For each species pangenome and the reference genome, all publicly available paired RNASeq data (Table S16) were used in the BRAKER v2.0 (Hoff et al., 2019) gene prediction pipeline after each pangenome was soft‐masked using RepeatModeler (Smit and Hubley, 2008) and RepeatMasker (Smit et al., 1996) to avoid removing true genes (Bayer et al., 2018). BRAKER produces AUGUSTUS (Stanke et al., 2006) and GeneMark‐EX (Lomsadze et al., 2014) gene predictions. All RNASeq data were aligned using HISAT2 v2.1.0 (Kim et al., 2019) and converted into genome coordinates using StringTie v1.3.4 (Pertea et al., 2015). The RNASeq alignment coordinates were used together with RepeatModeler‐based repeat regions, AUGUSTUS and GeneMark‐EX predictions, and gene models of the already published B. oleracea v2.1 (Parkin et al., 2014), B. rapa v3 (Zhang et al., 2018) and B. napus v4 (Chalhoub et al., 2014) in the EVidenceModeler v1.1.1 (Haas et al., 2008) pipeline to produce final gene models. Gene models without RNASeq support and no hits in the previously published gene models were removed from the final annotation. Disease resistance gene analogue (RGA) candidates were predicted using RGaugury (Li et al., 2016).
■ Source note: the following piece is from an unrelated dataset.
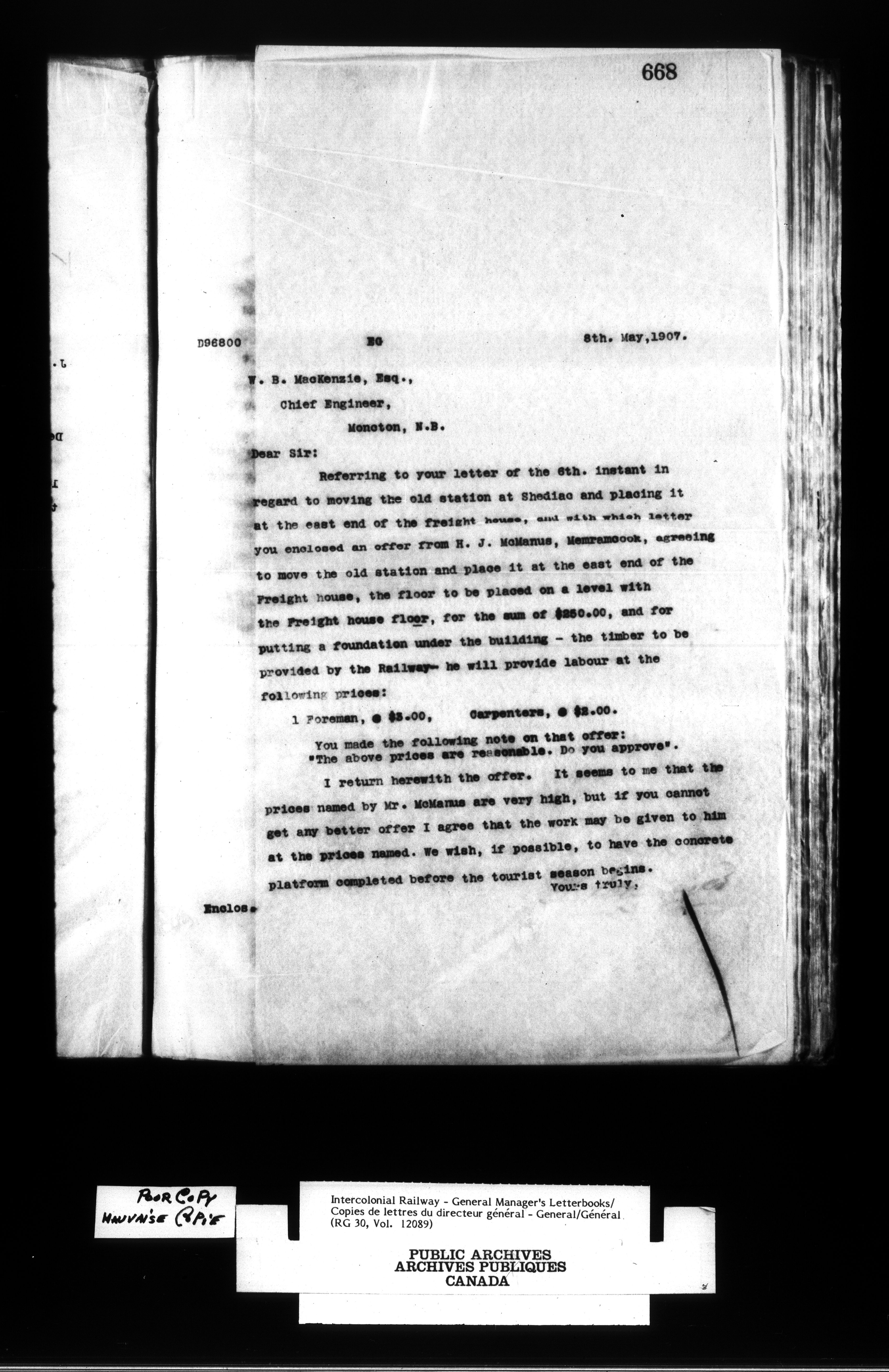 Canadian Government Railways : Office of the General Manager, Outward correspondence - 11690

Gene presence/absence calling

Gene presence/absence variation (PAV) was called using an approach based on SGSGeneLoss (Golicz et al., 2015). For each of the three pangenomes, we aligned all B. oleracea, B. rapa and B. napus reads using Bowtie2 v2.2.9 (Langmead and Salzberg, 2012). Mosdepth v0.2.2 (Pedersen and Quinlan, 2018) and bedtools v 2.27.0 (Quinlan and Hall, 2010) were used to calculate the coverage of all gene exons. Genes where all exon bases were covered by fewer than 2 reads and where the exons’ length was covered by less than 5% of their total length were deemed to be absent. While this may lead to some genes being incorrectly classified as present when they are absent, these parameters provide confidence that absent gene calls are truly absent. We used these results to calculate three PAV tables: one for the B. oleracea pangenome containing gene presence information all B. oleracea, B. rapa and B. napus individuals, one for the B. rapa pangenome containing gene presence information for all B. oleracea, B. rapa and B. napus individuals, and one for the B. napus pangenome containing gene presence information for all B. oleracea, B. rapa and B. napus individuals.
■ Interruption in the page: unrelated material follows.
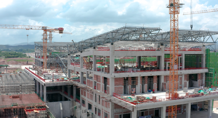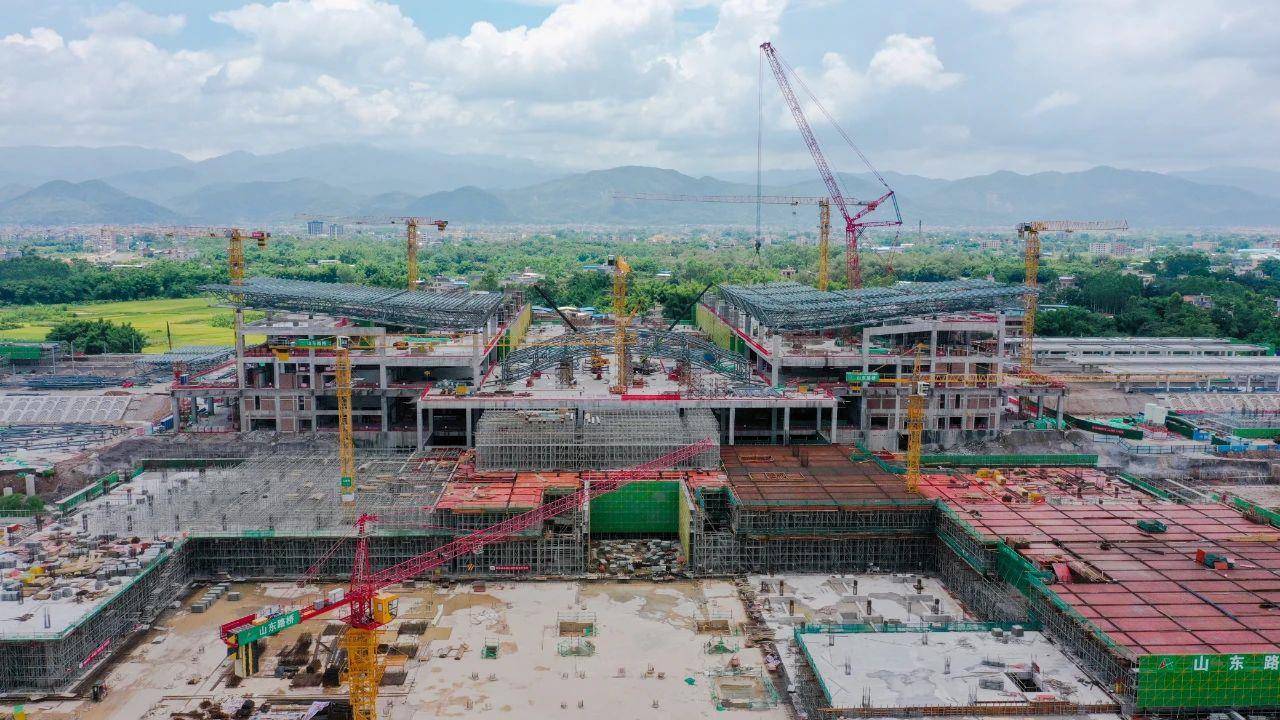 远远望去,造型酷似凤凰展翅的站房轮廓初显,各项建设正如火如荼进行中。

PAV‐based PCA modelling of dispensable and core genes and GO‐enrichment were performed using R v3.6.3 (R Core Team, 2020) using the packages logisticPCA (Landgraf and Lee, 2015), minpack.lm (Elzhov et al., 2010) and topGO (Alexa and Rahnenführer, 2009). GO‐terms were assigned to all proteins using PANNZER2 (Törönen et al., 2018) (accessed 5.7.2020, database: Viridiplantae). For each possible number of combinations of genomes, 500 000 pairs were chosen for the modelling of pangenome and core gene numbers.

Proteins were compared using DIAMOND v0.9.29.130 with the STRING v11 Arabidopsis database (Szklarczyk et al., 2019) to find proteins within functional networks. Association between network membership and gene status was assessed using the function chisq.test() implemented in R v3.6.3 (R Core Team, 2020). Genes were located within syntenic blocks by self‐comparison of the B. napus annotation using MCScanX (Wang et al., 2012).
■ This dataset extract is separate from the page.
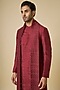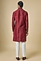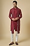 Featuring a brick red kurta in raw silk base. It is paired with pants and a stole. Style it with mojaris for a festive gathering, pooja ceremony or cultural celebrations.
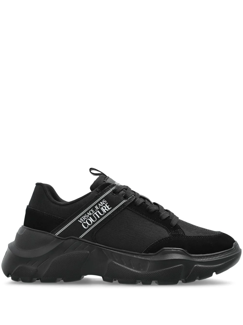 logo-print sneakers Highlights - Black - Front lace-up fastening - Pull-tab at the tongue - Chunky rubber sole - Panelled design Imported Composition Outer: Polyester 55%, Calf Leather 45% Lining: Fabric 100% Sole: Rubber 100%

Assessing gene loss propensity using machine learning

Gene absence was predicted by building three separate feature tables for the three genomes, using genes located on pseudomolecules only, and genes that are lost in at least 2 individuals. The feature tables contained for each gene: which pseudomolecule the gene is located on, GC content, distance to the end of the pseudomolecule, overlap/1kb/2kb/3kb distance to de novo predicted transposon‐classes as predicted by EDTA v1.9.6 (Ou et al., 2019), distance to the centromeres as described in (Mason et al., 2016), and, for B. napus, whether a gene was located within a syntenic block. Genes variable only in synthetic individuals were assumed to be core. Accuracy, F1‐score and AUC‐scores were compared between five machine learning approaches (logistic regression, Gaussian Naïve Bayes, Random Forest, AdaBoost and XGBoost). Three different XGBoost v1.0.2 models (Chen and Guestrin, 2016) were trained using the three PAV feature tables for the B. oleracea, B. rapa and B. napus pangenomes. For this we removed the PAV information of the other species – i.e. the B. oleracea pangenome gene feature table contained only information as to whether a gene was variable of B. oleracea individuals, not B. rapa or B. napus individuals.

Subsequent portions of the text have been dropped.